# Remote flashing red dot twice



## Alex_7 (Jun 24, 2020)

I moved my TS4K to my office room, when I press the power button on the remote to turn on my tv, it is unresponsive, I get two flashing red dots on the remote. I have to keep hitting the power button on the remote until it finally decides to turn on the tv. I have to resort to manally turn on my tv using its own power switch. When the tv is finally on my remote is still a bit unresponsive navigating the on screen menus, until it finally recognizes the remote..my batteries are fully juiced up too. Any one have a solution? Should I repair the remote to my tv?


----------



## Alex_7 (Jun 24, 2020)

I reset and unpaired the remote, then re paired it, seems to have solved the issue.


----------



## jb brown (Aug 28, 2020)

yes repair the remote to the tv


----------



## Alex_7 (Jun 24, 2020)

jb brown said:


> yes repair the remote to the tv


My remote seemed to go out of wack when I moved the device to a different tv, now its working fine once I re-paired it


----------



## Alex_7 (Jun 24, 2020)

Occasionally I'm still getting the red dots flashing..


----------



## xberk (Dec 3, 2011)

My TS4K remote working fine. It turns my TV and my Yamaha AV unit on and off with a single click .. only paired it initially and it has held up since then.


----------



## sssSMOKING (Jan 22, 2020)

Alex_7 said:


> I moved my TS4K to my office room, when I press the power button on the remote to turn on my tv, it is unresponsive, I get two flashing red dots on the remote. I have to keep hitting the power button on the remote until it finally decides to turn on the tv. I have to resort to manally turn on my tv using its own power switch. When the tv is finally on my remote is still a bit unresponsive navigating the on screen menus, until it finally recognizes the remote..my batteries are fully juiced up too. Any one have a solution? Should I repair the remote to my tv?

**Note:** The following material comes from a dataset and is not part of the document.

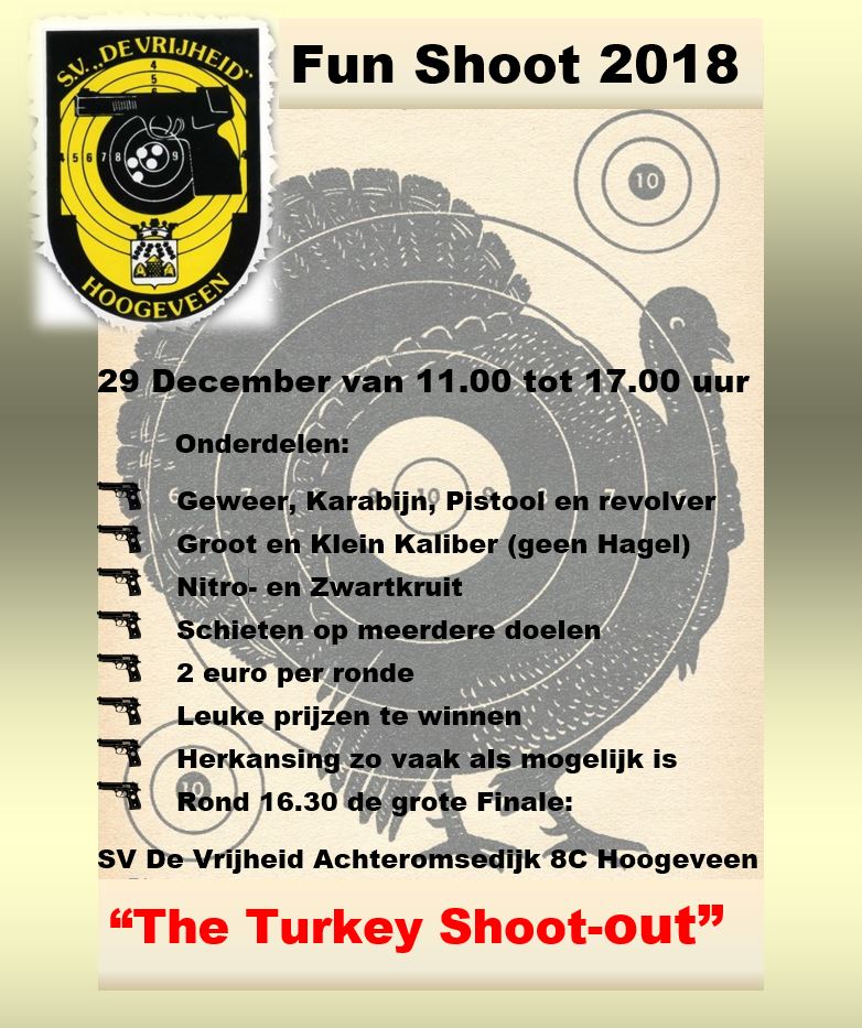 29 dec. 2018 - Xmas Funschoot SV de Vrijheid (Hoogeveen Een van de laatste evenementen dit jaar is de Funshoot bij SV de Vrijheid. U komt hier de disciplines 'Paalschieten' en de 'Turkey Shoot' tegen. Het spektakel wordt gehouden van 11.00h - 17.00h. op de 50 meter baan en zowel zwartkruit als nitro schutters zijn meer dan welkom! Adres: Achteromsedijk 8C, 7903 TL Hoogeveen.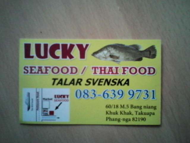 Das Lucky Seafood gibt es erst seit ca. 10 Monaten, es befindet sich wenn man von der Hauptstraße am SevenEleven abbiegt Richtung Meer auf der linken Seite, so ca. 100 - 150m. Der Inhaber ist ein Schwede( Stefan) der gut englisch spricht, seine Frau ist eine Thai, beide sind sehr freundlich und immer für ein Gespräch bereit, man wird hier sehr nett unterhalten.ü Das Essen war schnell fertig, super lecker und auch noch günstig, wir hatten 4 Getränke auch Cocktails und 3 Hauptspeisen und haben etwa knapp 12€ bezahlt. Wer es gern etwas schärfer mag, kann sich eine Auswahl an Soßen zum dippen dazu bestellen, aber Achtung!! Teilweise richtig scharf!!! Wir werden auf jeden fall wieder dort essen gehen! Thanks to Stefan!!!

I had a very similar problem and my problem was the Batteries. According to the TS4K "Setting" the batteries were at 60%. After trying a lot of things I changed the batteries out and everything has been good (4+weeks). Please keep us posted on your outcome.


----------



## Alex_7 (Jun 24, 2020)

sssSMOKING said:


> I had a very similar problem and my problem was the Batteries. According to the TS4K "Setting" the batteries were at 60%. After trying a lot of things I changed the batteries out and everything has been good (4+weeks). Please keep us posted on your outcome.


I will try replacing the batteries thanks


----------